First of all, let us repeat the warning we already gave: don't use the aliases feature until you're absolutely forced to. For instance, if you're working on a brand new site, you shouldn't need aliases, and if you think you do, chances are you're doing something terribly wrong.
If you decide to continue reading this page, be sure to read the introduction first. Even if you already read it, it might be a good idea to refresh the impression.
Aliases are defined with ini file sections of the aliases group,
e.g.
[aliases main]
The particular section name (main in this example) play no
real role, so you can pick an arbitrary identifier for this purpose. The
only limitation is that in case you need more than one section in the
aliases group (which is highly unlikely), you
must choose distinct names for them.
The aliases as such must be listed in the aliases parameter.
Its value is a text consisting of lines, one alias per line. Every line
must consist of two strings, delimited with a colon “:”, the
first string being the alias, and the second string being the original
path. Both are relative to the site's tree root, and both must
not have a leading “/”. Leading and trailing
whitespace is stripped off; empty (and whitespace-only) lines are ignored;
in the present version all lines that contain no colon are ignored as well,
but this may change one day.
Thalassa does its best to make shortest possible symlinks, but always make them point to relative paths; it also makes directories as necessary. For example, if the following aliases are configured:
[aliases main]
aliases = foo/bar/bur.html : site/node/burbur.html
site/node/abra.html : site/node/cadabra.html
foo/bar/star.html : foo/bur/foobar.html
then Thalassa will try to make directories foo,
foo/bar and site/node (but it looks like it will
only make the foo/bar as the other two are already there),
and the following symlinks will be created: foo/bar/bur.html
(to ../../site/node/burbur.html),
site/node/abra.html (to cadabra.html) and
foo/bar/star.html (to ../bur/foobar.html).
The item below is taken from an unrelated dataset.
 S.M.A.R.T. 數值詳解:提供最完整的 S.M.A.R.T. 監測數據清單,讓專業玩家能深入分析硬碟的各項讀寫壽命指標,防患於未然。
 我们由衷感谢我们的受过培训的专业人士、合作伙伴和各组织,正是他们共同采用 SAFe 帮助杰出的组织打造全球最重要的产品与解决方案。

Just
like both Unix symlink syscall and link -s
command, Thalassa does not check the target in any way, it just creates the
requested symlinks, even if they become dangling.
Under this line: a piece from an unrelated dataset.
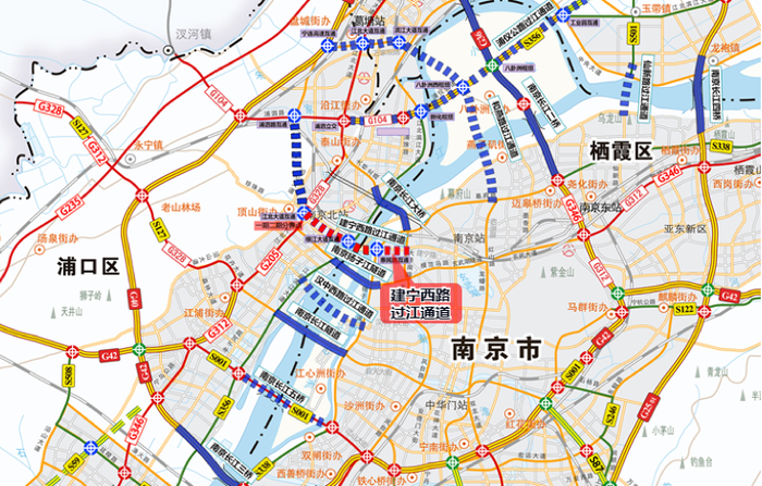 上个月底,该项目一期初步设计新近通过专家评审。作为南京骨架路网的重要组成部分,建宁西路过江通道距上游扬子江隧道约1.8公里,距下游长江大桥约2.4公里,是江南主城对接江北核心区的重要通道,也是缓解城市内部过江通道交通压力的重要分流压力的重要分流通道。建宁西路过江通道工程(一期)起于江北新区的兴浦路与江北快速大道交叉处,向南顺兴浦路穿越长江至江南岸,沿现状建宁西路布设,穿越江边路、惠民路后,止于建宁西路与热河路交叉处,接入城市路网。主线江北段采用城市快速路标准建设,设计速度为80公里/小时,江中及江南段采用城市主干道标准建设,设计速度为60公里/小时。项目总投资估算约118.9亿元,建设工期约5年。

In case you've got a lot of aliases, it might be a good idea to place them in a separate file and use smth. like this:
[aliases main] aliases = %[readfile:aliases.lst]
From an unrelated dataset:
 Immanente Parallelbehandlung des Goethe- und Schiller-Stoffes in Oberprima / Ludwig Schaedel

Sometimes aliases may conflict, like this:
[aliases main]
aliases = foo/bar/bur.html : node/a.html
foo/bar : node/b.html
Thalassa does not (at least in the present version) try to solve such
conflicts in any way, it just fails and reports an error; which of the
aliases will fail depends on their order, i.e., in this example Thalassa
will fail to create the foo/bar symlink because there is
already a directory with that name, but if you swap the lines, then
foo/bar/bur.html will fail because foo/bar
already exists and is not a directory.
There is a way to solve such a situation, but the solution must be applied
manually. First of all, use the force_dirs parameter in
the same aliases section to supply Thalassa with names
that must be handled as directories. The parameter's value is a
comma-separated list of paths; leading and trailing whitespace for each
list item is stripped. Every time Thalassa encounters an alias item whose
name (the path to the left of the colon) is included into the
force_dirs list, it makes the corresponding directory instead
of creating a symlink; then, a text file is generated inside such a
directory. The name of the file is set by the dir_file_name
parameter, and the contents for the file is defined by the
dir_file_template parameter, in which, besides all usual
macros, a macro named %target% is supported; it is replaced
with the target path of the alias being handled this way (the path to the
right of the colon). Usually the file is named .htaccess, and
its text consists of the appropriate RewriteRule directive;
refer to the Apache documentation for details.